I know there’s one person I can turn to in a blink.

Dreams tend to become the reality; I know

But who knew,

the reality would just get better than my dreams?

I imagined a life of calm and peace for me

And nothing short have I now recieved.

It’s not a fairytale.

Not some other disney princess crying for a prince.

Just a girl with an immense love for a guy

who never fails to treat her like a Queen.

My world has shattered into a millions pieces before

But I picked them up to become the new me.

Growth is about loving yourself,

But also to let others be there for you when you are in need.

I pushed people away for the sake of my sanity

But I realised; it wasn’t all about the crowd,

but my inner self who had lost the will to BE.

All this time, I wasted on loving others;

I forgot about the ones who were in love with me.

But I end this pattern now

and let him stand right next to me.

I see why nothing worked with others.

Why I wondered if I’ll ever get back what I give.

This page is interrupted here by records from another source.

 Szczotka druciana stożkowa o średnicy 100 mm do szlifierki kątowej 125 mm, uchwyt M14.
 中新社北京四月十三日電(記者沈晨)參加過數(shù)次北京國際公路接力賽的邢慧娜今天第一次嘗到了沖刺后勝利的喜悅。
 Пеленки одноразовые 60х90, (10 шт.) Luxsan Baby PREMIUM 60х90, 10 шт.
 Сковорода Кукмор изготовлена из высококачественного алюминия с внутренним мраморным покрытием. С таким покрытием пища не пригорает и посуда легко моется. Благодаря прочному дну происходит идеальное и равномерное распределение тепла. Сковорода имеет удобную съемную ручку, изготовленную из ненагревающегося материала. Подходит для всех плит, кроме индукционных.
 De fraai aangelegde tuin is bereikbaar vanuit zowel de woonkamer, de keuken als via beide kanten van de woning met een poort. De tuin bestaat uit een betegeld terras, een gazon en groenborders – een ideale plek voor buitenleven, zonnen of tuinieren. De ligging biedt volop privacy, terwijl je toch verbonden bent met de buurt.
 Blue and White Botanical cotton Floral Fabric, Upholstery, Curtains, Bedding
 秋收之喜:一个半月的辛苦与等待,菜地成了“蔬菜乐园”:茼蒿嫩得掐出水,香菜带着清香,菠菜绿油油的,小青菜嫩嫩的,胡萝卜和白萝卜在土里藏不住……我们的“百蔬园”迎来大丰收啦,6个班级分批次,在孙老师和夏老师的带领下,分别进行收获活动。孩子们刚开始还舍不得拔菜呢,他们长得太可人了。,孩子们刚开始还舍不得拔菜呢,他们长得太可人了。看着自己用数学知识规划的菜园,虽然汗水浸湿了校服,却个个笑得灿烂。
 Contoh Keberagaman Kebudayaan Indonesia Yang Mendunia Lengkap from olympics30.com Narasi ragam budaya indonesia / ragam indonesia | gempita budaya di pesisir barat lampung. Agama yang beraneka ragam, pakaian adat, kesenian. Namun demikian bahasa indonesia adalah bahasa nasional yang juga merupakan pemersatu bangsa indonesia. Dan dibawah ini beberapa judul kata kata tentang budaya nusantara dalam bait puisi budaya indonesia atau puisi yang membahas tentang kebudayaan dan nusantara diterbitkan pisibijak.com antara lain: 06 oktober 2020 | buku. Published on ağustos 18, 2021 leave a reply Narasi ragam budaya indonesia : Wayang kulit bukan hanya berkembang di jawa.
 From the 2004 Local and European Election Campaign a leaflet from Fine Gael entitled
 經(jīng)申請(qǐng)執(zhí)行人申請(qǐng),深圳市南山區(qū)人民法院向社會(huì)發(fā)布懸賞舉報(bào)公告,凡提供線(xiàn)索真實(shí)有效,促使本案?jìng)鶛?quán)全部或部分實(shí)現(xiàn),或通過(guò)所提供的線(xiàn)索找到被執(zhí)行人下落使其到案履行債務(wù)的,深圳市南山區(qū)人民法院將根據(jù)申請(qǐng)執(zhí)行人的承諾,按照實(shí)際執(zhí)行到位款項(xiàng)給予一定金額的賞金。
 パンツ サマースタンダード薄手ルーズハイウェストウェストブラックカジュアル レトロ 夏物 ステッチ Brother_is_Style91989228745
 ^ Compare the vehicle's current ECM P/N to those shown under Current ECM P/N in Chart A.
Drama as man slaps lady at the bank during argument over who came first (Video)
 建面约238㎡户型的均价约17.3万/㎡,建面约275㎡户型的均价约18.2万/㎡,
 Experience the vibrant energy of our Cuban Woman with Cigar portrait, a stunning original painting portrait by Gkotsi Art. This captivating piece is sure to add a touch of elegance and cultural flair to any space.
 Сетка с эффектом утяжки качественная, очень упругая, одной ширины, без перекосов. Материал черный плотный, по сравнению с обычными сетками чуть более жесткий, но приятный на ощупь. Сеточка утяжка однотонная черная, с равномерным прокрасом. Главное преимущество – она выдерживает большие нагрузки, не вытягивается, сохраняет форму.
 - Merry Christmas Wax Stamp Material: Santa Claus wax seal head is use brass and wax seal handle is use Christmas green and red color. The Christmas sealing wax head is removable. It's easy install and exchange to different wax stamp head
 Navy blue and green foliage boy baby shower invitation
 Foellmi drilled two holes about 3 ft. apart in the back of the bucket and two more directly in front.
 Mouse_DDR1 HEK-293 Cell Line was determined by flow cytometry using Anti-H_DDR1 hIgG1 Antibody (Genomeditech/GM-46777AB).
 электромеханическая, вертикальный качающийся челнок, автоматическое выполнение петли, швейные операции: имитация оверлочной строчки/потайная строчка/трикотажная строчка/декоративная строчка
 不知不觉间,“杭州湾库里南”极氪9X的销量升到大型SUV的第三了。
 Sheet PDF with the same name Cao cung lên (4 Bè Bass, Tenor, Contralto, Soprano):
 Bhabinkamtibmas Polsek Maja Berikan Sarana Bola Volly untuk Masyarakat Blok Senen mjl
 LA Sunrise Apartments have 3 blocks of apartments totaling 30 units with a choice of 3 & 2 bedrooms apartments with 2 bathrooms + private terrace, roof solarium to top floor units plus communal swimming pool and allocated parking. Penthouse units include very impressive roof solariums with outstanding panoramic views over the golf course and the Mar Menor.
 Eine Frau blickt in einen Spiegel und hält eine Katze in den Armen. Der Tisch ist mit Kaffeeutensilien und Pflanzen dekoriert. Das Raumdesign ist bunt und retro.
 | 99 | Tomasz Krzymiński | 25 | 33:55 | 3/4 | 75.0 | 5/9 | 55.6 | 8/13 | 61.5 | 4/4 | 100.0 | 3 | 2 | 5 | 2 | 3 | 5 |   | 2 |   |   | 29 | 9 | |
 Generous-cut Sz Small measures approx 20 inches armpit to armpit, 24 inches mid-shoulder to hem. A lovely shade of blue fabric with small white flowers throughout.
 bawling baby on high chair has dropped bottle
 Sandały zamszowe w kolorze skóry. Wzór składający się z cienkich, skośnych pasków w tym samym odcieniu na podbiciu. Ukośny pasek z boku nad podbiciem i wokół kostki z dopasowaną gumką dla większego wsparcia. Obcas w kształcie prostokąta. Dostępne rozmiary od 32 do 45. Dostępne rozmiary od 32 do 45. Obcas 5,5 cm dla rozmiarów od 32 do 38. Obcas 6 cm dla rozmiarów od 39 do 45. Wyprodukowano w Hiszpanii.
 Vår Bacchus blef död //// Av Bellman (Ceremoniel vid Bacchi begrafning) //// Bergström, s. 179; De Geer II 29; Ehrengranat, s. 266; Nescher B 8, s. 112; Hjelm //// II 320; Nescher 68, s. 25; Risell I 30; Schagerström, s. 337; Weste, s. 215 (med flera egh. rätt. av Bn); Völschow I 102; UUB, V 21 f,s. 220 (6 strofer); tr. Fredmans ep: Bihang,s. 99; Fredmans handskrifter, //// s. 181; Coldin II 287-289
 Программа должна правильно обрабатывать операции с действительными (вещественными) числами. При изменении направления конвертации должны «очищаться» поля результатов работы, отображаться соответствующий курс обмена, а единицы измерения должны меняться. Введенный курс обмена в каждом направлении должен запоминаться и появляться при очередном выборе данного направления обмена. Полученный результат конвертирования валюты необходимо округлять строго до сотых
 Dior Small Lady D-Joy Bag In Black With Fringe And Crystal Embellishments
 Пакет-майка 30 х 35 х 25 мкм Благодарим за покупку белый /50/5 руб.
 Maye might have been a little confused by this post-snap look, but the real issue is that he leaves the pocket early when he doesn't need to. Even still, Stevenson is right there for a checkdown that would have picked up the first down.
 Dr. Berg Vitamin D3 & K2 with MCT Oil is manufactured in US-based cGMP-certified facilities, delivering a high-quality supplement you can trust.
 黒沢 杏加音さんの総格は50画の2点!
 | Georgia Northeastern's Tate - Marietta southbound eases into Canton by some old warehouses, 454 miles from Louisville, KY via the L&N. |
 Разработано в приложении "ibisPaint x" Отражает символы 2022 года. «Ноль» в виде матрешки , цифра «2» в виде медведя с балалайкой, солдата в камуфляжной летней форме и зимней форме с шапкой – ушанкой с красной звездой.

To be in love is all about staying with him

for better or for worse.

Tell me love,

Are you too at peace ?

Dark.

He was right there

Asking me if I could stay

A little more that day.

I know, I wasn’t someone

he would wish to be with,

or silently crave.

But he must’ve felt,

my incompleteness; a certain way

like the Sun without its rays.

Sitting outside in the cold,

All I could see was,

his dark brown eyes staring at me.

All I could hear was;

his whispers, trying to comfort me.

The world seemed a better place,

when he took me in his embrace.

It was surreal.

Speechless, I can say.

I lost the count of words

to express my affection for him.

I missed him

even when he was sitting there,

right next to me.

Well, I couldn’t expect

the same from him.

After all, the graveyard

gives you no option

to bring back the dead.

Revenge.

I see you playing games

with my already frustrated mind.

I can not help but wonder

if you are still the same guy

who made me believe in love

and that we’d build a wonderful life.

The song you used to play

to praise my eyes and smile

has suddenly vanished away

for I haven’t heard it in a while.

Well, I guess,

now the melodies have changed

and your words have lost their rhyme.

Your heart might be the purest of all,

and your good deeds might be infinite.

But I think you aren’t aware;

breaking beautiful hearts can cost you

an irrecoverable loss for a lifetime.

Surprisingly,

I still don’t wish any ill for you,

for I’ve loved having you by my side.

Even though

my words may seem harsh sometimes,

I would never want you to feel lost

like a raindrop in an overcast sky.

Go on, and have your dreams fulfilled;

the ones you’ve always talked about

for revenge isn’t my thing, love.

I’ll see you grow with the love of your life

while I love myself enough

for not needing a love that was never mine.

Hurt.

You pulled me closer to your chest,

I could hear my heart beats going wild.

I was so in love with you,

couldn’t help but ignore all the negative signs.

I remember that dark cold evening

when our hands were intertwined.

You whispered those three magical words

while looking straight in my eyes.

The Sun had set a long ago.

It was past midnight

when I felt you breathing next to me

and your lips caressing mine.

Your fingers stroked the hair on my face.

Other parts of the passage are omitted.